Alumni profile: Radhika Mittal

In this alumni profile Dr Radhika Mittal discusses how her MA thesis at University of Hamburg led to her to complete a PhD and work as a media sociologist, specialising in climate change messaging.

Radhika Mittal / India 
Mundus Cohort 06-08 / Hamburg

Dr Radhika Mittal is a Media Sociologist and Public Discourse Analyst. Originally from Mumbai, India, Radhika started her journalism career as a copy desk editor at one of India’s biggest newspapers. Somewhere along the way she realised that she was more interested, however, in understanding the influence of media on society. Since graduating from the Mundus programme in 2008 she’s found a way to turn this interest into a profession, and now focuses on exploring how climate change and sustainability is communicated in the media.

At the moment Radhika describes herself as a freelancer of sorts. She’s currently affiliated with TERI (The Energy and Resources Institute) in New Delhi, headed by Dr Rajendra K. Pachauri, also chair of the Nobel Peace Prize winning IPCC (Intergovernmental Panel on Climate Change), but she teaches alongside this at various universities, works on her own research, and is busy drafting a documentary exploring mediated awareness of sustainable food practices. Somewhere along the way she also finds time to fit in a bit of travel.

“I may not necessarily teach on how to write for the press,” she says of her work, “but I teach on how to really understand the media world, how contemporary issues intersect, what is the socio-developmental relevance of these topics and how they can be communicated better.”

“I may not necessarily teach on how to write for the press,” she says of her work, “but I teach on how to really understand the media world, how contemporary issues intersect, what is the socio-developmental relevance of these topics and how they can be communicated better.”

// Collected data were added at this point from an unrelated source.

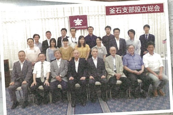
釜石支部設立総会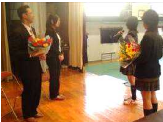
生徒会より感謝の言葉、記念品贈呈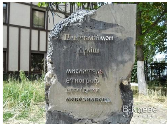
Пам'ятник П. Кулішу м. Київ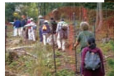
当社植林地:「ながきの森」散策

Like her entry into the Mundus programme, Radhika’s career direction has been the result of a certain amount of fate. It was during a gap year that she took from working at the paper that her father noticed an ad in a newspaper for a research-oriented master’s degree. With barely a couple of days to put together her application materials, she took a chance, and soon found herself on the way to Aarhus for the programme. “I think it's been key to developing a lot of the background for the kind of work that I now do,” she says.

It was a conversation at Hamburg University on the second year of the programme that sparked her exploration into the ways in which media communicate climate change. Professor Irene Neverla needed some more data for a project she was working on and asked Radhika if she’d be interested in exploring how climate change issues were framed in Indian media.The project and topic became the focus of her thesis and the very first such analysis of Indian media coverage at the time (later published as a paper), kicking into motion a career focused around climate change and sustainability. It was also a chance conversation during a trip to Australia that led Radhika to meet the thesis supervisor for her PhD, which she completed at Macquarie University in Sydney. This project looked into how sustainable food practices were framed in Australian and American media.

"I was somewhere in the middle...I just took it as a great programme where I was getting to learn a lot of things and really getting introduced to research."  

As for her time on the Mundus programme - Radhika says she came to Europe keen to learn but not sure what direction she would head in. "I was somewhere in the middle...I just took it as a great programme where I was getting to learn a lot of things and really getting introduced to research." And perhaps that's a good summary of her career to date - taking chances, weaving between research, academia and more practical aspects of journalism; she's somewhere in the middle of it all. And amongst all this she's also been able to find a niche for her work in the emerging field of climate change communication:

"I have to explain what my work is about because people say 'oh well you’re a communications person so you do strategy' and that's not just what I do. I don't necessarily develop strategies for you to reach out to the public. I help decipher discourses and talk about how we can create better, more impactful, actionable messages, while enabling the understanding and contextualisation of contemporary social issues."